I am trying to convert the certain JSON string to the Java object. I am trying to use  Jackson for JSON handling. I have totally  no control over the input JSON I am reading it from a web service.

Below is my input JSON:

{"wrapper":[{"id":"09","name":"Fred"}]}

Below is my simplified use case:

private void tryToRead() {

String jsonString = "{\"wrapper\"\:[{\"id\":\"09\",\"name\":\"Fred\"}]}";

    ObjectMapper objmapper = new ObjectMapper(); 

    Wrapper wrapp = null;

    try {

        wrapp = mapper.readValue(jsonString , Wrapper.class);

    } catch (Exception exc) {

        exc.printStackTrace();

    }

    System.out.println("wrapper = " + wrapp);

}

Below is my entity class :

public Class MyStudent {

    private String name;

    private String id;

    //getters & setters for the  name & id here

}

Below is my MyWrapper class is basically the container object to get the list of students:

public Class MyWrapper {

    private List<MyStudent> mystudents;

    //getters & setters here

}

But I keep on getting below error and "wrapper" returns null.

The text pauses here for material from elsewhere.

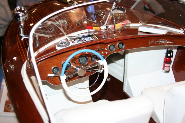 Sul cruscotto si notano tra le altre cose i razzi di segnalazione, il catalogo della Riva ed un giornale di modellismo che parla del modello stesso.

Have anyone faced the same issue before?

org.codehaus.jackson.map.exc.UnrecognizedPropertyException:

Unrecognized field "wrapper" (Class MyWrapper), not marked as ignorable

at [Source: java.io.StringReader@1198891; line: 1, column: 23]

(through reference chain: MyWrapper["wrapper"])

at org.codehaus.jackson.map.exc.UnrecognizedPropertyException

from(UnrecognizedPropertyException.java:63)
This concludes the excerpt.